### Work to be completed
Each line in the material below, starting at the one with "Unstitched Blouse | |" and ending at the one with "이미지 확대보기LG전자는 28일(현지시각)", is to be reproduced exactly; no picture is to be copied.

### Dataset records

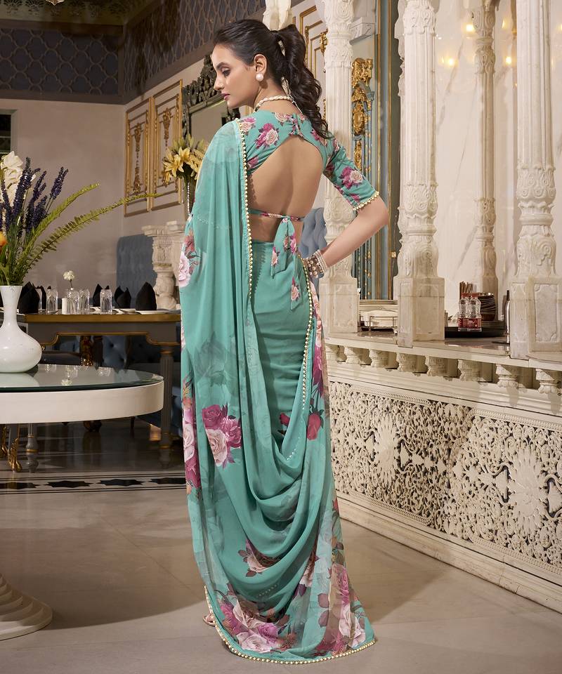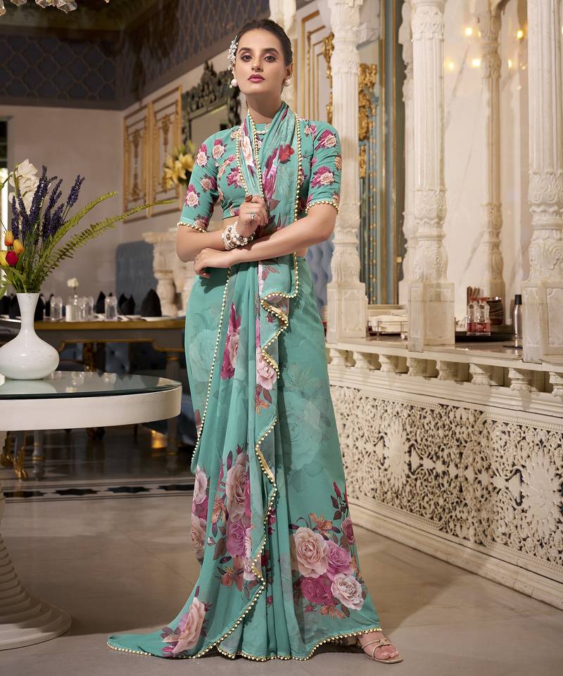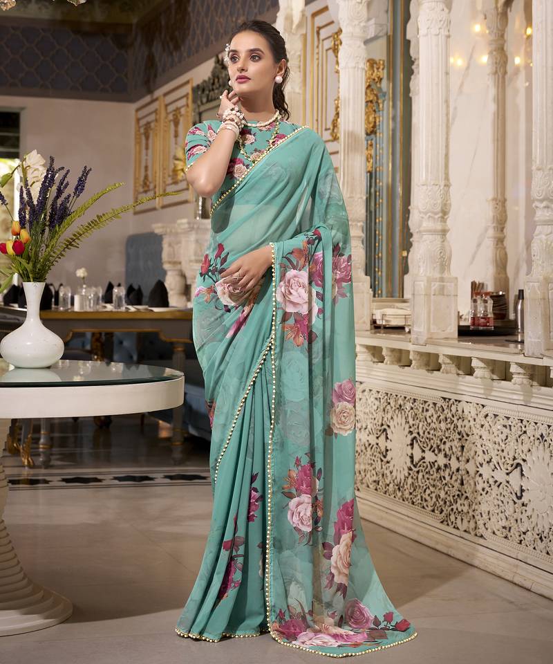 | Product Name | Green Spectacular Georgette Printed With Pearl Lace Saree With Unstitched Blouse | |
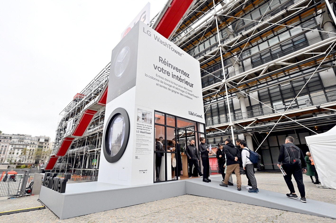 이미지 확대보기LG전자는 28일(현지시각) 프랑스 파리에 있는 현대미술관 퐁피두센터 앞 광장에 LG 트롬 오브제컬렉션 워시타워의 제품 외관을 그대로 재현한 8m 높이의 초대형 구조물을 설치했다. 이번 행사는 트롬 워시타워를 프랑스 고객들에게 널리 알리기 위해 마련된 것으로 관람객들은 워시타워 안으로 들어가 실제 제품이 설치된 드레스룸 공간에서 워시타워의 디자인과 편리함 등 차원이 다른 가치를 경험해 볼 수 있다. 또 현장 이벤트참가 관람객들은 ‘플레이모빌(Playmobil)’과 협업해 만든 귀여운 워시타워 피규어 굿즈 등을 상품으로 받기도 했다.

==

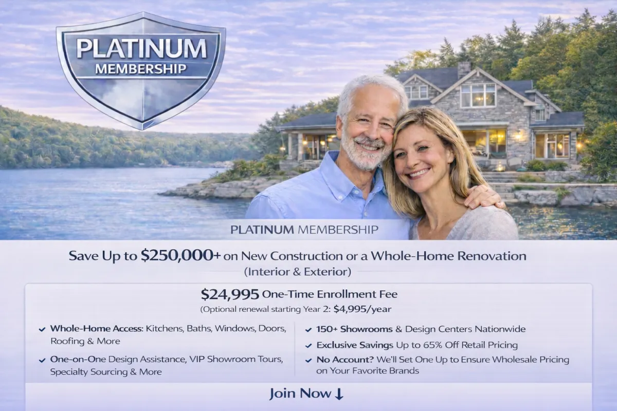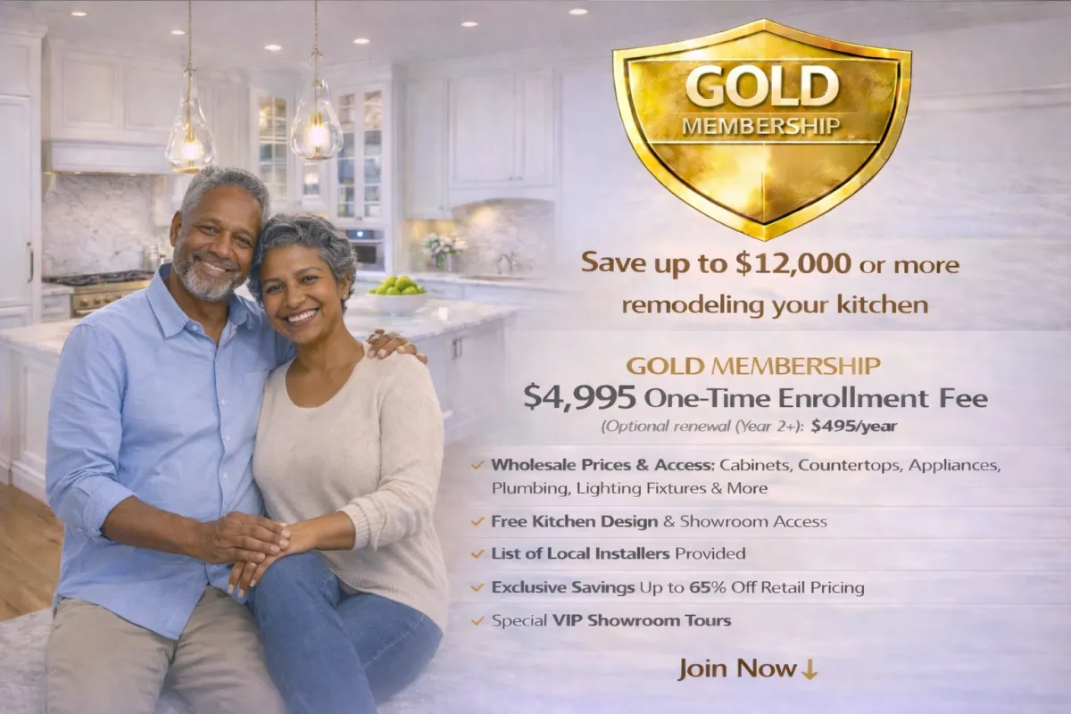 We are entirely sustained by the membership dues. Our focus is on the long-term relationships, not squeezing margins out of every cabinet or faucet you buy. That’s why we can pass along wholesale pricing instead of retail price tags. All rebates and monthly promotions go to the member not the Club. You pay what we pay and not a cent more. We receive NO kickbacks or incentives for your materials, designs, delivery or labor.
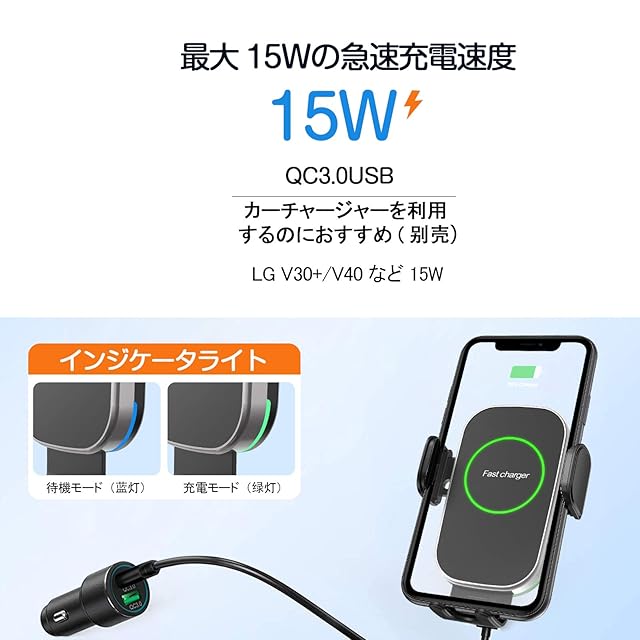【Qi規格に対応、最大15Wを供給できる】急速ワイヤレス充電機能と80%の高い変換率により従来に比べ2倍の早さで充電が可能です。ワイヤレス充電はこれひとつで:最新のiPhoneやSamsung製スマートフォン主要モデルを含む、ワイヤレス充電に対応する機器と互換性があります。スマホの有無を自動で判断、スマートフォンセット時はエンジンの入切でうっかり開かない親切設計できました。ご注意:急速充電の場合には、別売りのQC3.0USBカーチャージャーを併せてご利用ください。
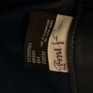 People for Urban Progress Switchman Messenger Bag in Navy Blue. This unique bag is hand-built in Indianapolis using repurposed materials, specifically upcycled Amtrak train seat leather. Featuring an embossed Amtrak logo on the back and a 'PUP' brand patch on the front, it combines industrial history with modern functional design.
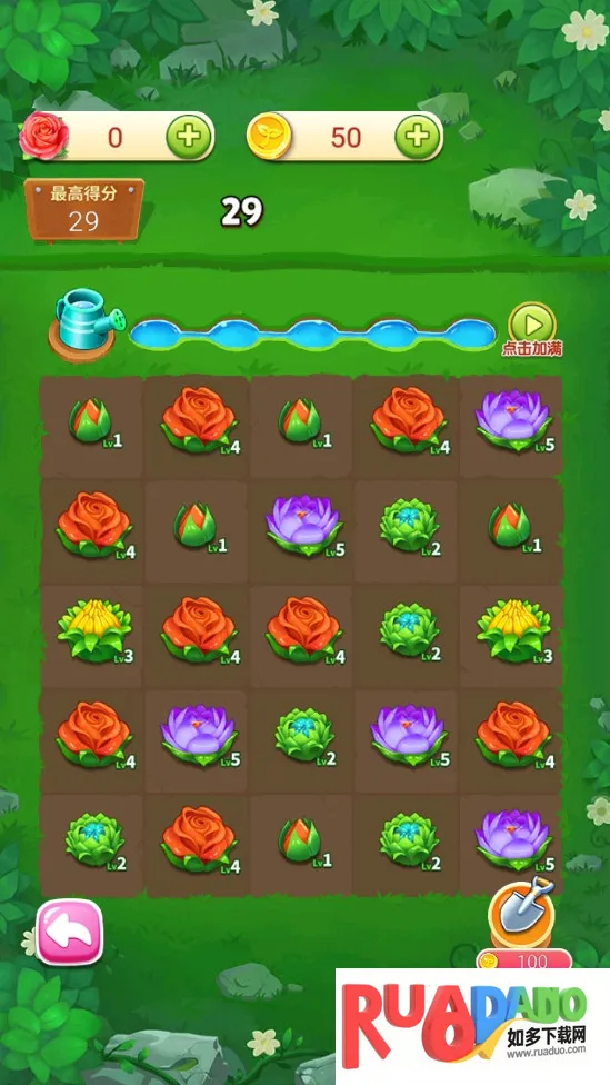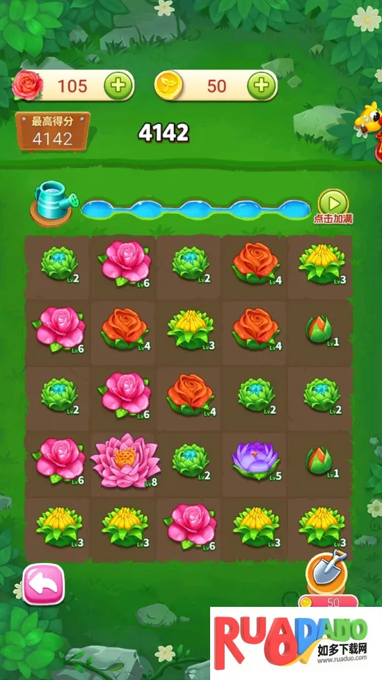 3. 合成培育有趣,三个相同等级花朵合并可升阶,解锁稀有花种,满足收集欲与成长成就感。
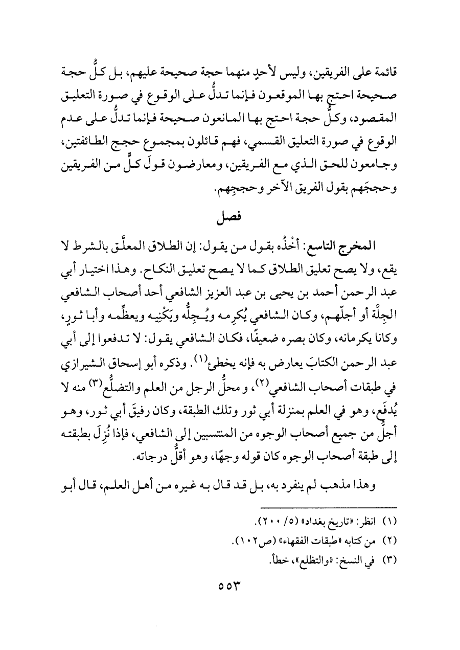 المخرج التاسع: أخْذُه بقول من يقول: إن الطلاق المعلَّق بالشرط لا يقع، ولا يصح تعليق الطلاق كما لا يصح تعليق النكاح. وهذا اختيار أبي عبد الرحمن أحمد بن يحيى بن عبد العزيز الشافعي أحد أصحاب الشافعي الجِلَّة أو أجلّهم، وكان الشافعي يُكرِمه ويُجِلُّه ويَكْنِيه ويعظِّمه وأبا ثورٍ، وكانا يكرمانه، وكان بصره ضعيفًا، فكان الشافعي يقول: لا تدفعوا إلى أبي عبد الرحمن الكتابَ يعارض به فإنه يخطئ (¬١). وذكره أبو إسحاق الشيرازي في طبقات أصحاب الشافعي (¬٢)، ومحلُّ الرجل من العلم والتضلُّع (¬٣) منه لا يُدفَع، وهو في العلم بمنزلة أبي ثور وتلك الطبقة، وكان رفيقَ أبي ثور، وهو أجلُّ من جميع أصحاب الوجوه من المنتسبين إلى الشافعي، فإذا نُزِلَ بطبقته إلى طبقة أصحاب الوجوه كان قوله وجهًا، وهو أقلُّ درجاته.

### Solved exercise
 | Product Name | Green Spectacular Georgette Printed With Pearl Lace Saree With Unstitched Blouse | |
 이미지 확대보기LG전자는 28일(현지시각) 프랑스 파리에 있는 현대미술관 퐁피두센터 앞 광장에 LG 트롬 오브제컬렉션 워시타워의 제품 외관을 그대로 재현한 8m 높이의 초대형 구조물을 설치했다. 이번 행사는 트롬 워시타워를 프랑스 고객들에게 널리 알리기 위해 마련된 것으로 관람객들은 워시타워 안으로 들어가 실제 제품이 설치된 드레스룸 공간에서 워시타워의 디자인과 편리함 등 차원이 다른 가치를 경험해 볼 수 있다. 또 현장 이벤트참가 관람객들은 ‘플레이모빌(Playmobil)’과 협업해 만든 귀여운 워시타워 피규어 굿즈 등을 상품으로 받기도 했다.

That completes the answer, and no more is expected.